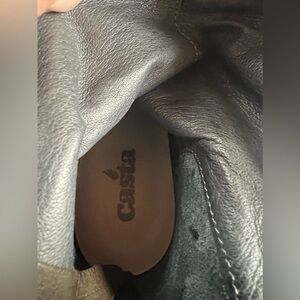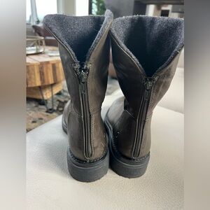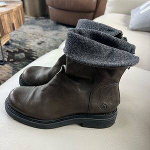 Comfy leather brown boots with a soft gray cuff worn up or down with back zipper. Very stylish & cool bought last winter - worn once!! Too small as I need a size WU 40 & these are size 39 EU
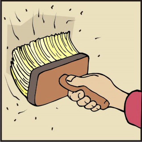 1. Na mestu poškodbe z dletom odstranite vse zrahljane kose ometa in s čopičem ometite delčke prahu.
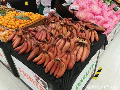 The small characteristic red bananas were displayed in a greengrocer's located in one of the city's main streets and were sold at 24 Renminbi per bunch.

* _INSTRUCTIONS TO FOLLOW_: Reproduce the listing above exactly, but skip the pictures.

* _SOLUTION_:
 Comfy leather brown boots with a soft gray cuff worn up or down with back zipper. Very stylish & cool bought last winter - worn once!! Too small as I need a size WU 40 & these are size 39 EU
 1. Na mestu poškodbe z dletom odstranite vse zrahljane kose ometa in s čopičem ometite delčke prahu.
 The small characteristic red bananas were displayed in a greengrocer's located in one of the city's main streets and were sold at 24 Renminbi per bunch.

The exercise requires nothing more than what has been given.